Seit letzter Woche herrscht Empörung in Deutschland: Dank der correctiv Recherche ist nun nicht mehr zu ignorieren, was eigentlich schon lange bekannt ist: Die AfD will massenhaft Menschen abschieben und die parlamentarische Demokratie abschaffen. Wir begrüßen es daher natürlich, dass heute tausende Leute mit uns auf die Straße gehen. Aber es spricht auch Bände, dass viele erst dann demonstrieren, wenn sie das Gefühl haben, dass es bald an ihren eigenen Kragen gehen könnte. Nie wieder ist nicht erst jetzt!

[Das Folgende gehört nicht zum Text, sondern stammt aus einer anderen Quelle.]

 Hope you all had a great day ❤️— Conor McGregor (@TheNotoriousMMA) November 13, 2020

Ohne große Gegenwehr hat der im Rahmen der Wiedervereinigung erstarkende Faschismus durch rassistische Mobilisierungen, man erinnere sich z.B. an Rostock-Lichtenhagen, CDU und SPD bereits 1993 dazu gebracht, die erste großen Einschränkung des Asylrechts umzusetzen. Und auch im Sommer, als das Gemeinsame Europäische Asylsystem beschlossen wurde, herrschte Schweigen auf Deutschlands Straßen. Die Ampel trägt mittlerweile eine europäische Politik mit, die durch Pushbacks und unterlassene Hilfe mehr Menschen tötet als es sich der faschistische Mob von Schneeberg und Heidenau 2015 hätte erträumen können.

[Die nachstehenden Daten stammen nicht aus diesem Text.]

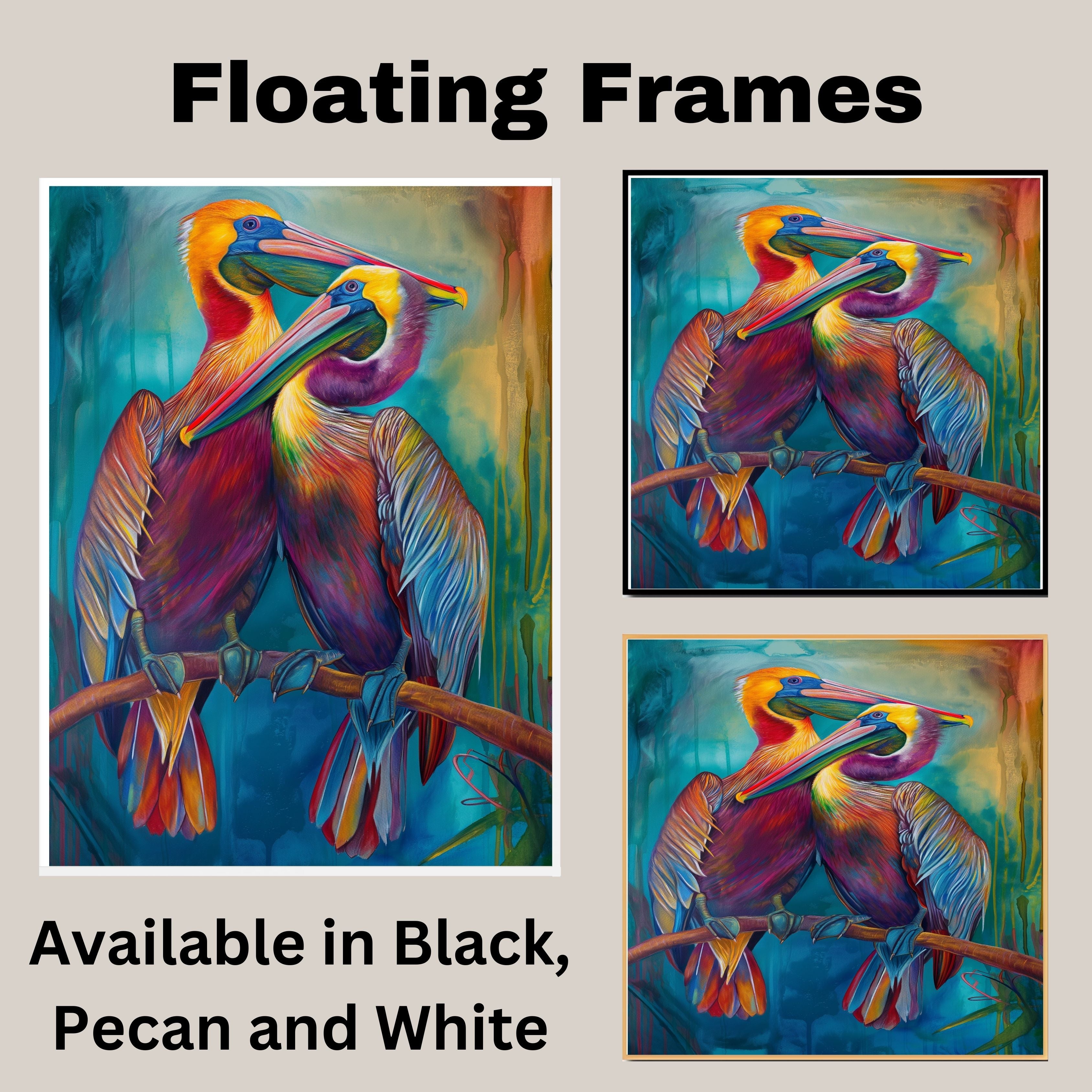 1.5" Thick Floating Framed Canvas: Available in Black, Pecan, and White Grain. Durable shrink-resistant frame. Comes with easy-to-install hanging kits, ready for immediate display.

Die Asylrechtsverschärfungen sind aber nicht nur menschenfeindlich, sondern auch verlogen: Alle Versuche sich abzuschotten haben bisher nicht funktioniert. Selbst unter Meloni kamen 2023 in Italien mehr Flüchtlinge an als je zuvor. Und weil die Regierenden gar nicht liefern können, was sie ankündigen, erscheinen sie schwach. Davon profitieren einzig jene, die versprechen, wirklich ernst zu machen, wenn sie denn nur an die Macht kämen. Daher empfehlen wir allen, die außer dem ständigen Gerede über illegale Migration und angebliche Pull-Faktoren nichts zu sagen haben, einfach mal die Fresse zu halten!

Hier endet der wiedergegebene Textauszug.